For vehicle manufacturers and service providers in the global transport industry right now, innovation isn’t so much optional as existentially vital. We’re right at the beginning of an era of market disruption affecting sweeping, radical changes to personal and public transport, and the pressure on companies to innovate is coming from all directions.

Take sustainability. Governmental pressure is being applied in the form of future legislation banning the sale of new fossil fuel-powered vehicles. Consumer pressure for greener alternatives is another factor, and a third has emerged more recently: fuel prices are serving as a major supply-side incentive to innovate away from petrol and other fossil fuels.

One thing that carbon has shown us is that pressure makes diamonds. The imperative to develop green innovations coupled with the emergence of various technologies that can improve transport services and customer experiences means that the transport industry is an incredibly fertile ground for innovation.

As we’ll see, some of the key trends promising to shape the automotive, aeronautical, and railway transport industries in the years ahead should provide exciting reading to organizations in those industries…but only if they act on them. In this blog, we’ll explore some of these trends and make a case for an effective innovation management program to capitalize on them.

Product Innovation in Transportation: The Next Generation of Vehicles

Here, we’ll take a look at some of the transport innovations taking place in the manufacture of cars and other vehicles, which for the reasons outlined above, are overwhelmingly focused on sustainability. Technology is central to these innovations and the pace and scale of change is only going to accelerate as we move through the 2020s. How best to leverage this type of innovation will depend on your organization, its expertise and its resources, but key questions to think about will be whether to develop your own solutions from the ground up or to engage specialized startups, and which audiences to engage to help you to identify the right solutions.

Electric Vehicles (EVs)

We might be some way from EV ubiquity, but consumer demand is gathering serious momentum. In H1 last year, EVs’ market share of new car sales stood at 11.3%, almost double that of the same period in 2021. The imperative for automotive brands to produce electric vehicles may be patently obvious giving the legislative pressures on the horizon, but how to deliver them remains a key question.
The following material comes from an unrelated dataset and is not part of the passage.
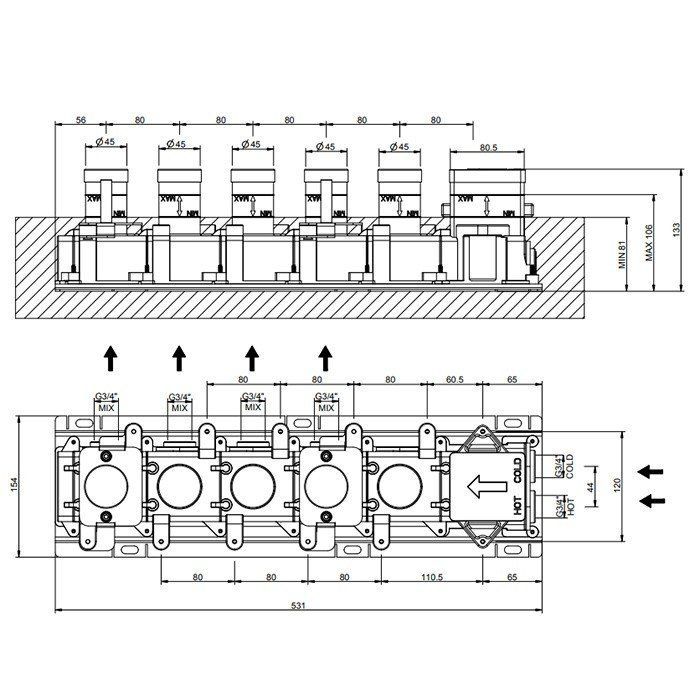 Термостат Gessi HI-FI встраиваемый с возможностью одновременного контроля до 4-х функций — это высокотехнологичный элемент для душевой системы, который сочетает элегантность и функциональность. Благодаря использованию этого термостата, можно эффективно управлять несколькими потоками воды одновременно, такими как дождевой душ, ручной душ, форсунки и другие элементы. Это обеспечивает оптимальные условия для принятия душа, регулируя температуру и напор воды с максимальной точностью.

Pininfarina’s hydrogen-powered NAMX HUV SUV which is innovation in the transportation industry
Pininfarina’s hydrogen-powered NAMX HUV SUV

While battery-powered EVs are gaining the most traction in the US and Europe, hydrogen-powered vehicles are offering a serious alternative. Hydrogen EVs currently offer a longer range than battery-powered ones and can be refueled far more quickly, yet the infrastructure being built in the West is overwhelmingly geared toward batteries. Should automotive brands hedge their bets and develop both types of solution, or survey the landscape and pick a side? Will infrastructure develop in key markets to support both adequately anyway? These are important questions for manufacturers, and are reminiscent of the battle for supremacy between Blu-ray and HD-DVD in the 2000s. On that occasion, one format triumphed while the other disappeared.

Further ahead on the horizon, emerging technologies are going to deliver even more forms of emission-free vehicles affecting different types of manufacturers and service providers. Lightyear is a company developing vehicles that use solar panels to add further power between charges, meaning they could travel as far as 500 miles before its next plug-in; in the UK, the government recently awarded funding to Echion Technlogies to drive their work developing self-charging trains; while Swedish startup Candela is promising to revolutionize Stockholm’s public transport infrastructure with a fleet of flying electric hydrofoil ferries. And we haven’t even gotten round to airplanes yet.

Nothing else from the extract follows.